Let's say I decided to open an existing file with the CreateFile
function. The content of the file is Hello world
. There is also a buffer (char array with size 11 and filled with zero bytes) that should contain the contents of the file.
And when I try to read the file with the ReadFile
function, certain garbage is written to the buffer. The debugger (I've tried GDB and LLDB) says that the contents of the buffer after reading is \377?H\000e\000l\000l\000o\000\000w\000o\000r\000l\000d\000\r\000\n\000\r\000 \n, '\000'
, and in a human-readable form, it looks like this ■ H
.
I've tried not filling the buffer with zeros. I tried to write (with WriteFile
) to a file first, then read.
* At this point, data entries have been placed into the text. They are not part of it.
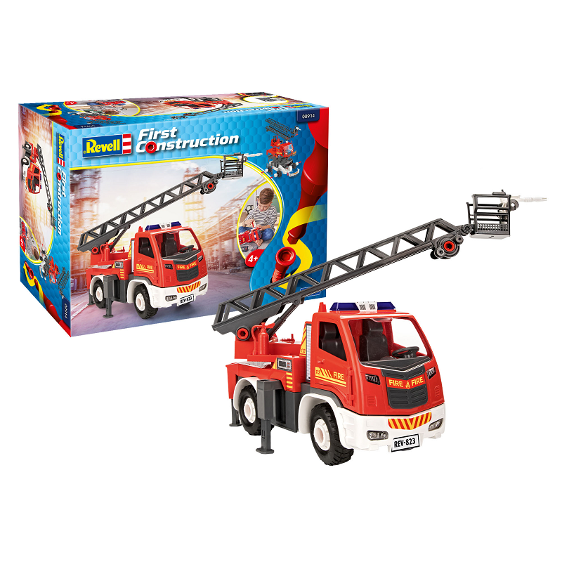 Cette maquette Revell représente un camion de pompiers grande échelle. Il s'agit d'une maquette "First Construction" pour initier les débutants à partir de 4 ans. Elle est composée de 74 grosses pièces robustes à assembler à l'aide de vis et d'un tournevis fournis dans la boite et elle est éclairée et sonorisée, réf : 00914
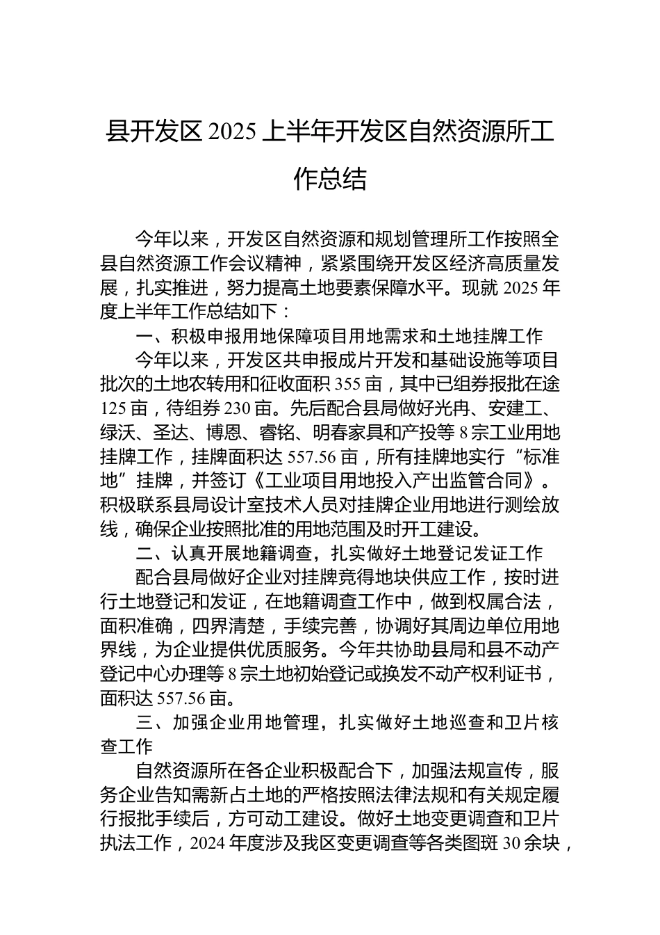 縣開發(fā)區(qū)2025上半年開發(fā)區(qū)自然資源所工作總結(jié)今年以來,開發(fā)區(qū)自然資源和規(guī)劃管理所工作按照全縣自然資源工作會議精神,緊緊圍繞開發(fā)區(qū)經(jīng)濟高質(zhì)量發(fā)展,扎實推進(jìn),努力提高土地要素保障水平?,F(xiàn)就2025年度上半年工作總結(jié)如下:一、積極申報用地保障項目用地需求和土地掛牌工作今年以來,開發(fā)區(qū)共申報成片開發(fā)和基礎(chǔ)設(shè)施等項目批次的土地農(nóng)轉(zhuǎn)用和征收面積355畝,其中已組券報批在途125畝,待組券230畝。先后配合縣局做好光冉、安建工、綠沃、圣達(dá)、博恩、睿銘、明春家具和產(chǎn)投等8宗工業(yè)用地掛牌工作,掛牌面積達(dá)557.56畝,所有掛牌地實行“標(biāo)準(zhǔn)地”掛牌,并簽訂《工業(yè)項目...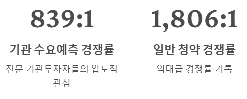 - 일반인 청약 결과: 일반인 대상 청약에서도 무려 11조 7천억 원이라는 막대한 돈이 모였습니다. 경쟁률은 1,806대 1이었습니다.
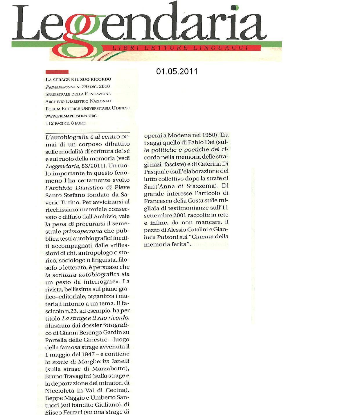 Il numero 23 di «Primapersona» prende le mosse dal dossier fotografico su Portella della Ginestra, luogo del celeberrimo eccidio, concesso in esclusiva alla rivista da Gianni Berengo Gardin e pubblicato nell’inserto centrale: un’istanza morale e civile, dunque, anima le pagine di questo numero che si divide tra l’omaggio alle vittime e la rivendicazione della verità sulle troppe stragi italiane. Ogni strage, come nel modello biblico, è una strage di innocenti, sopraffatti inermi da un nemico più grande, in una disparità di forze disumana. Tra i testi autobiografici, molte sono le memorie di stragi del passato, quelle nazifasciste, perché deve passare il tempo necessario per rievocare traumi così dolorosi; eppure ricordare si deve, anche le tragedie più recenti, come quelle degli anni di piombo, quella di Ustica o quella, solo geograficamente più lontana, dell’11 settembre. Ancora una volta la memoria si impone come testimonianza di ciò che è stato e domanda stringente: perché è stato?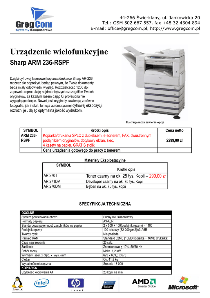 44-266 Świerklany, ul. Jankowicka 20 Tel.: GSM 502 667 557, fax +48 32 4304 894 E-mail: [email protected], http://www.gregcom.pl Urządzenie wielofunkcyjne Sharp ARM 236-RSPF Dzięki cyfrowej laserowej kopiarce/drukarce Sharp AR-236 możesz się odprężyć, będąc pewnym, że Twoje dokumenty będą miały odpowiedni wygląd. Rozdzielczość 1200 dpi zapewnia reprodukcję najdrobniejszych szczegółów Twoich oryginałów, za każdym razem dając Ci profesjonalnie wyglądające kopie. Nawet jeśli oryginały zawierają zarówno fotografie, jak i tekst, funkcja automatycznej cyfrowej ekspozycji rozróżni je , dając optymalną jakość wydrukom. Ilustracja może zawierać opcje SYMBOL ARM 236RSPF Krótki opis Kopiarka/drukarka SPLC z dupleksem, e-sorterem, FAX, dwustronnym podajnikiem oryginałów, dotykowy ekran, siec, 4 kasety na papier, GRATIS stolik Cena urządzenia gotowego do pracy z tonerem Cena netto 2299,00 zł Materiały Eksploatacyjne SYMBOL Krótki opis Toner czarny na ok. 25 tys. Kopii – 299,00 zł AR 270T AR 271DV AR 270DM Developer czarny na ok. 75 tys. Kopii Bęben na ok. 75 tyś. kopii SPECYFIKCJA TECHNICZNA OGÓLNE System powstawania obrazu Formaty papieru Standardowa pojemność zasobników na papier Podajnik ręczny Twardy dysk Pamięć RAM Czas nagrzewania Zasilanie Pobór mocy Wymiary (szer. x głęb. x wys.) mm Ciężar Wydajność miesięczna KOPIARKA Szybkość kopiowania A4 Suchy dwuskładnikowy A3-A6R 2 x 500 + 100(podajnik ręczny) = 1100 100 arkuszy (52-200g/m2)A3-A6R Nie posiada Standard 32MB (16MB kopiarka + 16MB drukarka) 23 sek. Znamionowe + 10%, 50/60 Hz Maks. 1,2 kW 623 x 609,5 x 673 Ok. 41,8 kg Średnia 13 000 23 kopii na min. 44-266 Świerklany, ul. Jankowicka 20 Tel.: GSM 502 667 557, fax +48 32 4304 894 E-mail: [email protected], http://www.gregcom.pl Szybkość kopiowania A3 Format oryginału Ekspozycja Pamięć RAM Rozdzielczość Odcienie szarości Zoom Zaprogramowane współczynniki odwzorowania Kopiowanie ciągłe Czas pierwszej kopii DRUKARKA SPLC (GDI) standard Szybkość drukowania A4 Rozdzielczość Pamięć RAM Interfejs Systemy operacyjne Język opisu strony Dostępne czcionki 12 kopii na min. Maks. A3 Auto/tekst/tekst, foto/foto/super foto(1200 dpi) Standard: 16MB 600 dpi, maks.: 1200 x 1200 dpi 256 25 - 400% 25,50,70,81,86,100,115,122,141,200,400 1-999 4,8 sek. (Sharp Printer Language with Compression) 23/27 ppm (Z ROPM), 15 ppm z czasem transferu z PC 600 dpi Standardowa 16MB, maks: 740MB Standard: USB 2.0, IEEE 1284 Windows 95/98/Me, WinNT4.0/2000/XP SPLC (GDI z kompresją JBIG) Z komputera Do powyższych cen należy doliczyć 22%VAT.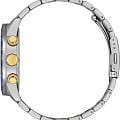 Citizen Chronograph AN3684-59L часы-хронографХронографФункция позволяет измерять отрезки времени с особой точностью: часы, минуты, секунды. Верным признаком хронографа является наличие на циферблате 3 дополнительных окошек-счётчиков. с секундомеромСекундомерСекундоме́р — прибор, способный измерять интервалы времени с точностью до долей секунды. спортивного дизайна с высоким уровнем водозащиты. Корпус из нержавеющей стали диаметром 44 мм идеально сбалансирован. Минеральное стеклоМинеральное стеклоМинеральное стекло представляет собой искусственно выращенный минерал кварца. Такое стекло отличается особой устойчивостью к повреждениям и царапинам. Уступает по некоторым качествам сапфировому стеклу. обеспечивает отличную защиту циферблата от царапин. Часы работают на основе кварцевого механизма. Стальной браслет на раскладной застёжкеРаскладная застёжкаТакой тип застёжки используется только на браслетах из металла. Она никогда не раскрывается полностью, происходит разделение на 2 и более частей. Раскладывающая застёжка снизит вероятность потери часов к минимуму. с частичным IP-покрытиемIP-покрытиеМетод ионного напыления. Демонстрирует повышенную устойчивость к истиранию, окислению и химическим веществам. Под воздействием высокого давления и температуры около 1500°C молекулы металла надёжно соединяются с частицами корпуса часов. идеально дополняют дизайн часов, обеспечивая комфортное ношение. Стрелки и метки на циферблате имеют люминесцентное покрытиеЛюминесцентное покрытиеПозволяет считывать показания времени в темноте. Производители наносят на стрелки, часовые индексы, безель или поверхность циферблата светонакопительный состав, дающий холодное свечение. позволяющее легко определять время даже в темноте. БезельБезельВнешний ободок, закрепляющий стекло. В спортивных часах так называется поворотное кольцо с делениями на циферблате, выполняет роль таймера – замеряет отрезки времени на шкале. Неподвижный безель – элемент декора. Однонаправленно вращающийся безель на дайверских часах позволяет фиксировать моменты погружения и выныривания на поверхность. с IP-покрытиемIP-покрытиеМетод ионного напыления. Демонстрирует повышенную устойчивость к истиранию, окислению и химическим веществам. Под воздействием высокого давления и температуры около 1500°C молекулы металла надёжно соединяются с частицами корпуса часов. и шкалой тахиметраТахиметрРазмеченная шкала, располагается на ободке или безеле часов. Тахиметр позволяет рассчитать скорость на определённом участке пути, расстояние измеряется в километрах или милях.. Секундомер с точностью 1с и временем измерения 12ч отображается центральной стрелкой. Окошко даты находится в положении 3 часа. Циферблат с метками в виде штрихов выполнен по технологии Sunray (солнечные лучи). Часы обладают впечатляющей водонепроницаемостью до 100WR, что делает их идеальными для повседневной носки.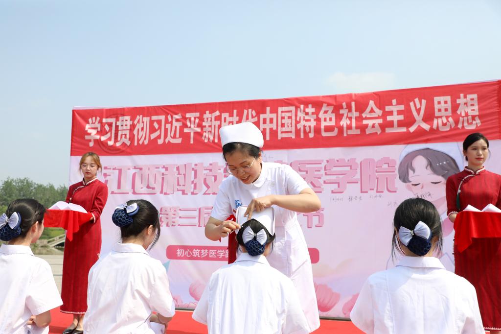 文化节开幕式上,同学们用国风舞蹈、八段锦、护理礼仪等展示表演向师生展现有自信、有情怀、敢担当、有作为的新时代护理事业接班人的英姿,表达护理青年一代对新时代的礼赞。校领导为基础技能大赛、科普讲解大赛、笔记评选比赛颁奖。“……尽力提高护理之标准,慎守病人家务及秘密。竭诚协助医生之诊治,务谋病者之福利。谨誓!”在“薪火相传,新老相继”的授帽仪式后,基护教研室主任徐萍带领学生代表进行庄严宣誓。21本护理3班的赖桑是这次授帽仪式中的一员,她表示:“当老师为自己戴上护士帽的那一刻,我深深深感受到护士这个职业的伟大和责任。今后,我要努力练就过硬本领,将来以更加专业的知识和技能投入到护士这个职业当中,竭力帮助病患恢复健康。”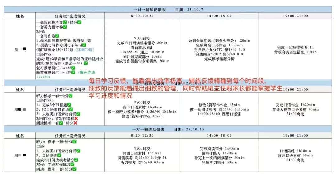 专属班主任一对一全程贴身督学管理:每日定时单词抽查检测、课后作业严格核查把关、学习任务贴心提醒督促,实时跟进学员全程学习状态,助力高效利用碎片时间,稳稳落地每日学习目标。

I also tried to change the value of how many bytes to read with ReadFile
. But it still doesn't change anything.
Also, GetLastError
returns ERROR_SUCCESS
.
Code:
#define WIN32_LEAN_AND_MEAN
#include <Windows.h>
#include <stdio.h>
#include <stdlib.h>
#include <string.h>
int main(void) {
HANDLE file = CreateFile("./test_file.txt", GENERIC_READ, FILE_SHARE_READ,
NULL, OPEN_EXISTING, FILE_ATTRIBUTE_NORMAL, NULL);
if (file == INVALID_HANDLE_VALUE) {
puts("Failed to open");
return EXIT_FAILURE;
}
size_t length = strlen("Hello world"); /* 11 */
char buffer[12];
DWORD count = 0; /* Is always 11 (length of "Hello world") after reading */
memset(buffer, '\0', length + 1);
if (!ReadFile(file, buffer, (DWORD) length, &count, NULL)) {
puts("Failed to read or EOF reached.");
CloseHandle(file);
return EXIT_FAILURE;
}
printf("buffer: '%s'\n", buffer);
printf("count: %lu\n", count);
CloseHandle(file);
return EXIT_SUCCESS;
}
In the console, the output of the program looks like this:
buffer: ' ■ H'
count: 11
The text file itself is not written in a 7bit ASCII or 8bit UTF-8 byte encoding, like you are expecting. It is actually written in a UTF-16 byte encoding, with a BOM at the front of the file (bytes 0xFF 0xFE
for UTF-16LE). You are simply reading the file's raw bytes and displaying them as-is without any regard to their encoding.